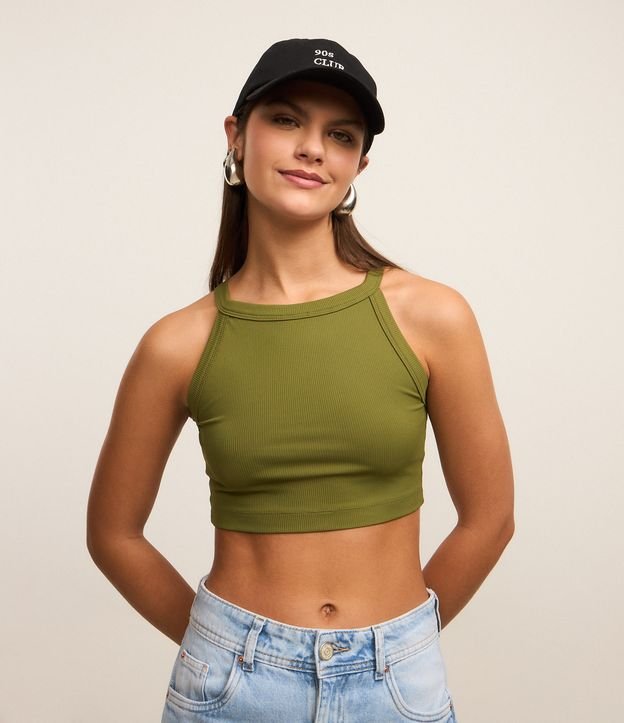 Blusa em Ribana com Gola Halter Verde
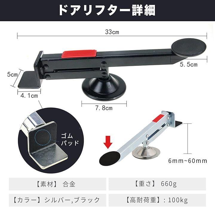 「商品内容」: ドアリフター「カラー」: シルバー,ブラック「サイズ」: 33x7.8cm「高耐荷重」: 100kg「重さ」: 660g「素材」: 合金
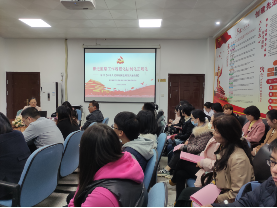林燕從堅持反腐的實踐基礎、反腐的強大思想武器、壓倒反腐的政治保證和斗爭勝利的動力源泉等四方面展開黨課,講述了黨的十八大以來以習近平同志為核心的黨中央勇于面對重大風險考驗和黨內存在的突出問題,開展了具有新的歷史特點的偉大斗爭實踐,并結合防腐事例詮釋了“廉”和“潔”。最后,她組織大家學習了《中華人民共和國監察法實施條例》,進一步強化廉潔風氣。
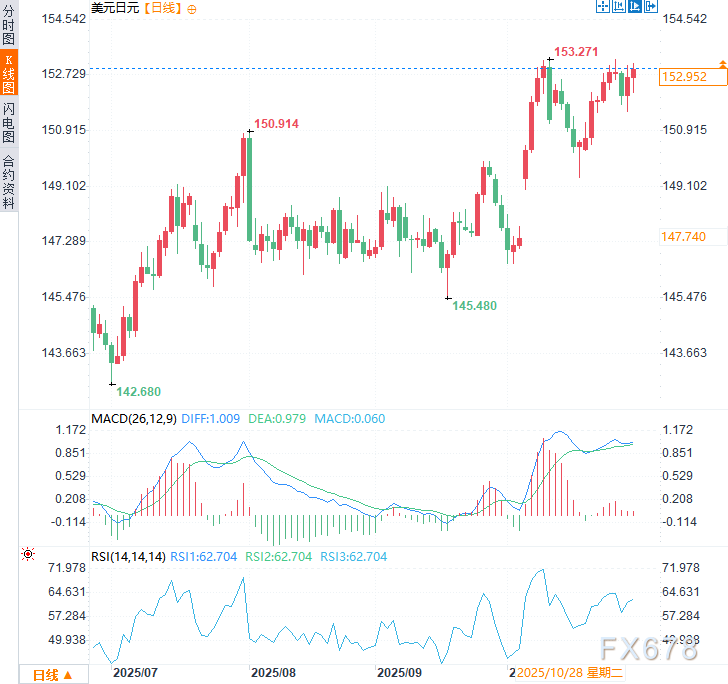 (美元兑日元日线图,来源:易汇通)北京时间14:22,美元兑日元交投于152.98/99。
+-------+
TRY IT:
Retype all the data exactly, please, without pictures.

ANSWER BOX:
 Blusa em Ribana com Gola Halter Verde
 「商品内容」: ドアリフター「カラー」: シルバー,ブラック「サイズ」: 33x7.8cm「高耐荷重」: 100kg「重さ」: 660g「素材」: 合金
林燕從堅持反腐的實踐基礎、反腐的強大思想武器、壓倒反腐的政治保證和斗爭勝利的動力源泉等四方面展開黨課,講述了黨的十八大以來以習近平同志為核心的黨中央勇于面對重大風險考驗和黨內存在的突出問題,開展了具有新的歷史特點的偉大斗爭實踐,并結合防腐事例詮釋了“廉”和“潔”。最后,她組織大家學習了《中華人民共和國監察法實施條例》,進一步強化廉潔風氣。
 (美元兑日元日线图,来源:易汇通)北京时间14:22,美元兑日元交投于152.98/99。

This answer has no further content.